By solving Theorem 1, the controller gain matrices

$$\begin{aligned} K=\begin{bmatrix} 0.018 &{} 0.016 &{} 0.018 \\ 0.014 &{} 0.013 &{} 0.014 \\ 0.030 &{} 0.026 &{} 0.030 \end{bmatrix}, \quad F=\begin{bmatrix} 0.010 &{} 0.148 \\ 0.148 &{} 0.422 \\ -0.133 &{} 0.363 \end{bmatrix} \end{aligned}$$

and the observer gain matrices

$$\begin{aligned} L=\begin{bmatrix} 0.035 &{} 0.114 \\ 0.820 &{} -1.698 \\ 0.300 &{} 0.209 \end{bmatrix}, \quad H=\begin{bmatrix} -0.096 &{} -0.010 \\ -0.002 &{} -0.003 \\ -0.000 &{} -0.000 \end{bmatrix} \end{aligned}$$

are independently searched. The parameters \(\gamma =1.552, \lambda = 0.378, \rho = 2.410, \psi _{1} = 2.118\), and \(\psi _{2} = 7.793\) with \(\lambda _{\min }(P_{1})=1.369\) and \(\lambda _{\min }(P_{2})=2.078\) satisfy (26), proving the closed-loop stability. This result indicates that the separation principle is established for Problem 1. The closed-loop time responses are shown in Fig. 2. Unlike in the results of the compared method, our results demonstrate that the state is positive and well guided to zero in the presence of parametric uncertainties. As shown in the lower-right subfigure, the proposed controller satisfies the \(l_{\infty }\)\(l_{\infty }\) disturbance attenuation performance in (5).
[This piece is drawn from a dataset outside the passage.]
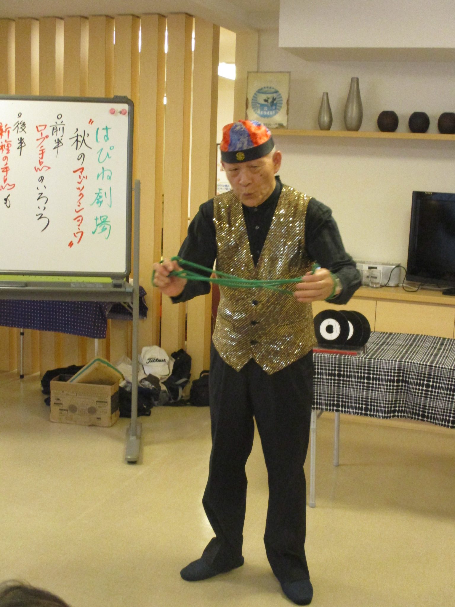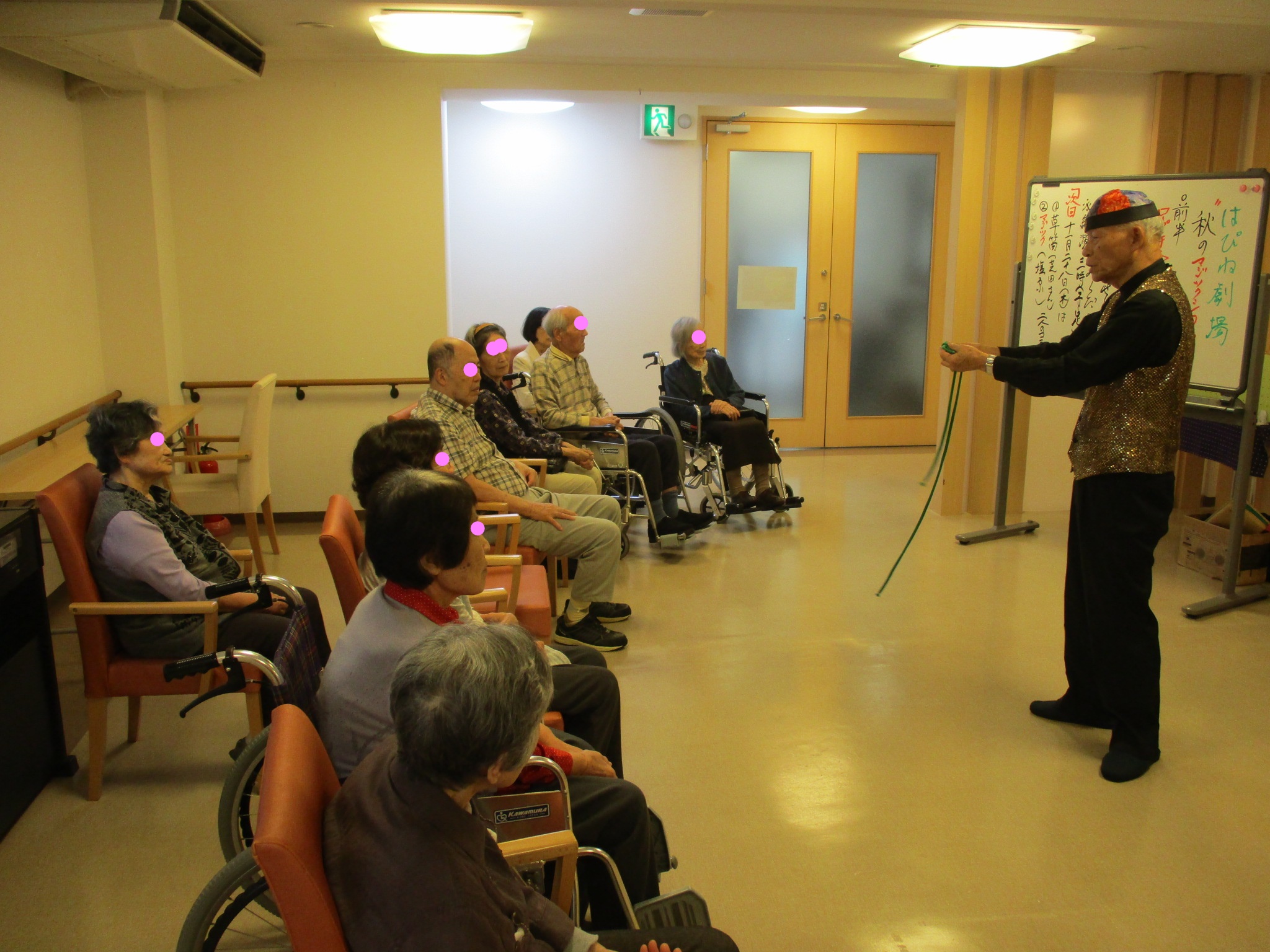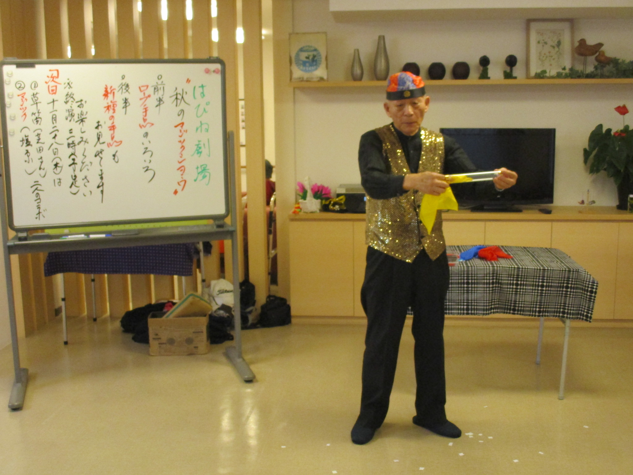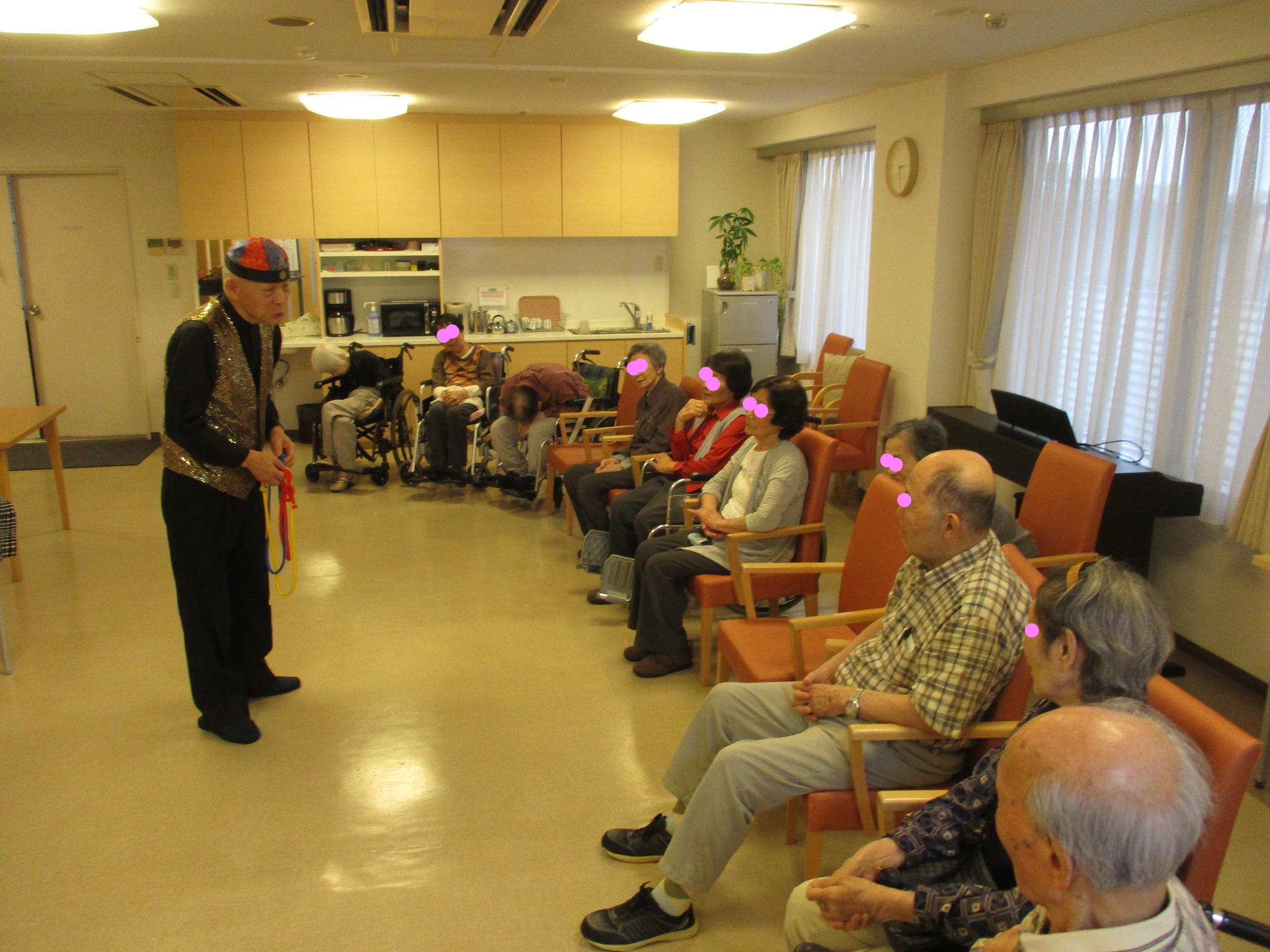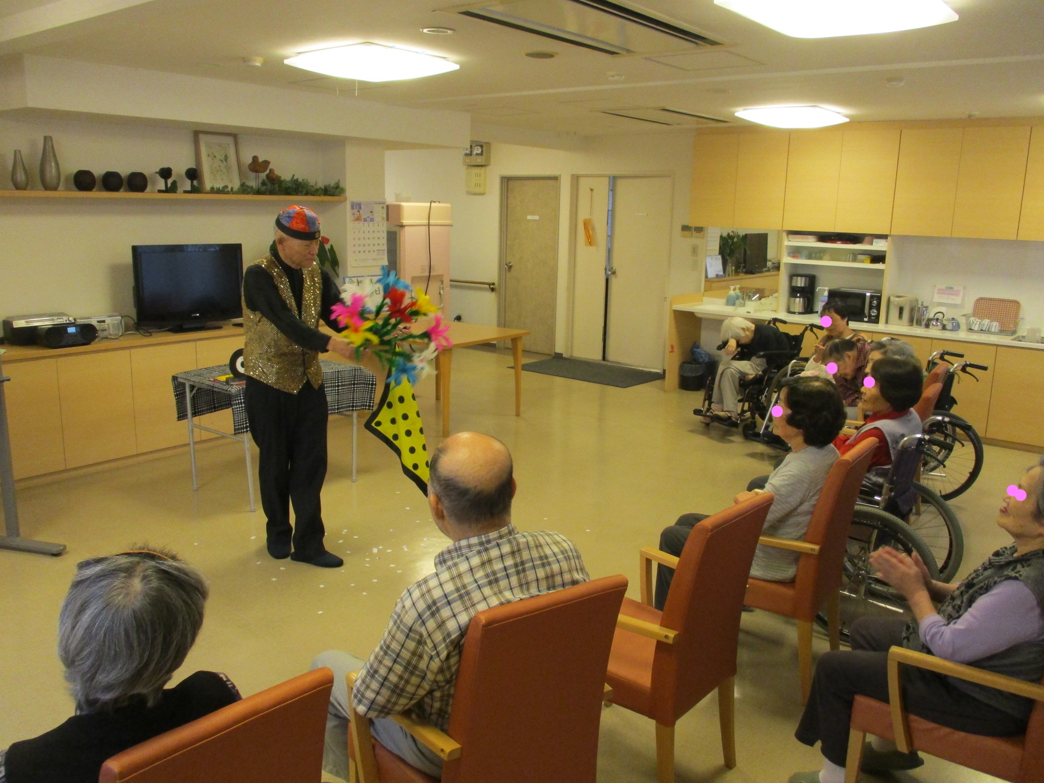 本日のアクティビティーは、月に一回の皆様がとても楽しみにしているアクティビティの一つであるマジックショーです。

The specific evaluated value is \(\frac{\Vert {z_{j}}\Vert _{\infty }}{\Vert {w_{j}}\Vert _{\infty }}=0.171<\gamma\) (\(=1.552\)).

Fig. 2
figure 2

Time response of a Leontief input–output model with uncertainties and disturbances

5 Conclusions

We present a robust positive OBOF \(l_{\infty }\)\(l_{\infty }\) disturbance attenuation technique for uncertain LTI systems. The design condition is formulated as a convex optimization problem in terms of LMIs and an LME. Another contribution of this paper is that the separation principle for the concerned design problem is established. The numerical simulation demonstrates that the proposed methodology is successfully applied to the Leontief input–output model.